In June 1941, Germany invaded the Soviet Union, breaking their alliance in their co-occupation of Poland. Soon after the invasion, mobile killing units (Einsatzgruppen), special groups of Nazi SS and police following the German military, commenced the mass murder of Soviet Jews. With support from local civilians and police, the Einsatzgruppen went from town to town massacring Jews. In all, they killed at least 1.5 million Jews in a “Holocaust by bullets,” as well as tens of thousands of political opponents, partisans, Roma/Sinti and disabled persons.
In January 1942, at the Wannsee Conference, high-ranking Nazi Party and German officials met to discuss “The Final Solution to the Jewish Question” – the Nazi plan to get rid of Jews through systematic mass murder west of the Soviet Union. Ghetto occupants were shot and killed, or deported, usually by train, to forced labor camps where treatment was brutal, or to death camps.
The largest of these “death camps” was Auschwitz-Birkenau in Poland, which by spring 1943 had four poison gas chambers disguised as showers. Up to 6,000 Jews were gassed there each day. An estimated 1.1 million people were murdered at Auschwitz between 1940 and 1945, including more than a million Jews and tens of thousands of Roma, Poles and Soviet prisoners of war.
In addition to six death camps (Auschwitz-Birkenau, Majdanek, Sobibor, Treblinka, Chelmno, and Belzec), there were thousands of concentration camps, forced labor camps, and transit camps where treatment was brutal. Over 6 million Jews and millions of others were murdered in the Holocaust.

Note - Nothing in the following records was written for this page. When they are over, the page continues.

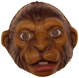 Vacuum form plastic monkey mask is held in place with elastic string. Mask covers front of face only.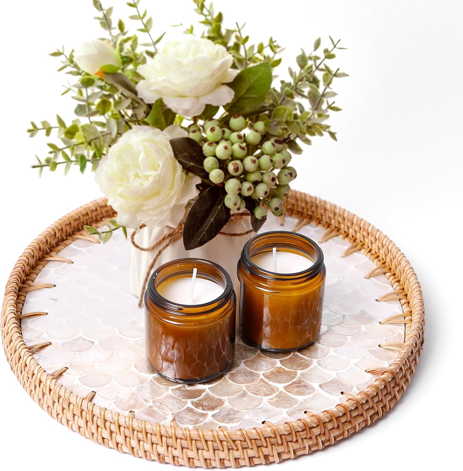 - Natural Rattan and Seashell Design: This tray is crafted from high-quality natural rattan, handwoven with beautiful seashell inlays at the base, showcasing a blend of natural materials and artistic craftsmanship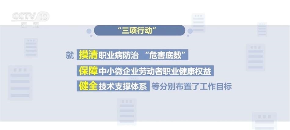 “三項(xiàng)行動”工作方案包括《職業(yè)病危害項(xiàng)目申報擴(kuò)面行動(2024—2025年)工作方案》《中小微企業(yè)職業(yè)健康幫扶行動(2024—2025年)工作方案》《職業(yè)病防治機(jī)構(gòu)提質(zhì)合規(guī)行動(2024—2025年)工作方案》。

Ghettos - Holocaust Survivor Video Testimony Clips
Camps - Holocaust Survivor Video Testimony Clips
Questions
- Both before, and particularly after Kristallnacht in November 1938, German Jews knew they were not welcome, and many who were able to do so, including the family of Anne Frank, fled to neighboring countries outside of Germany. How does the reading in this section impact your understanding of the plight of such German Jewish refugees?

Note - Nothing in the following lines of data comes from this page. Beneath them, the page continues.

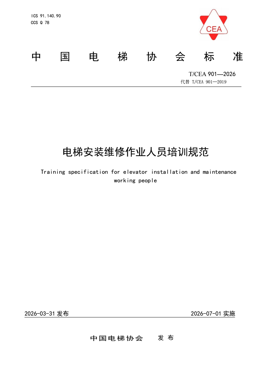 T_CEA 901-2026 电梯安装维修作业人员培训规范.pdf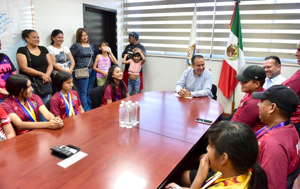 En Palacio Municipal conoció a las integrantes de la Selección Hermosillo y la preparación que las ha colocado orgullosamente como campeonas de fútbol en la categoría 2011-2012 en dos ocasiones.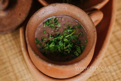 Квасоля червона відварюється, додають цибулю часник, перець чилі, сіль, перекручений волоський горіх та спеції та тушкують. Потім перебивають в термоміксі. Подають з солоними огірками.

- A) What resources and personnel do you think were needed to isolate, transport and murder millions of humans? Make a list of all of the people you think were involved. B) Alternatively, and/or in conjunction with the question above, assess and define the responsibility of people and institutions included here.
- How much assistance did the SS and its help ers receive from non-Germans? From the German military? From local populations?

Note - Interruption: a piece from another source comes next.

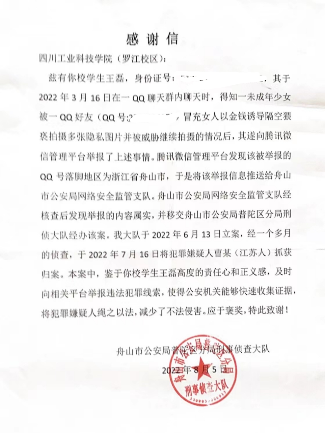 据悉,2022年3月16日,我校学生王磊在网络上得知一未成年少女被QQ好友冒充女人以金钱诱导隔空猥亵拍摄多张隐私图片并被威胁继续拍摄的情况后,及时向相关管理平台举报了上述事件。该被举报QQ号落脚地区的舟山市公安局普陀区分局刑侦大队经办此案,王磊同学及时提供的线索使得公安机关快速收集证据并将犯罪嫌疑人绳之以法。普陀区分局刑侦大队对此特意向我校王磊同学的安全意识和正义感提出褒奖和感谢。

- Given the prevalence today of the internet, television, social media and other technology that did not exist in the 1940s, do you think something like the Holocaust could happen today? Give a short description of why or why not.
- In Fred Kahn’s video clip testimony, he describes seeing, without reaction, dead bodies lying outside on the streets on his march through the Riga ghetto. How is it possible for a young boy to see dead bodies on streets without significantly reacting?
- Why do you think Ann Birulin’s mother’s words to her, “If you will live, through you I will live” meant so much to her?
- Why do you think Ann Kaye becomes so emotional describing her experience around being tattooed at one of the camps? Do you, or a family member, have memories that are too painful to discuss with others? Why do you think survivors like Ann Kaye are willing to share such painful memories with strangers? As witnesses/listeners/recipients of this testimony, what is our responsibly to Ann and to others?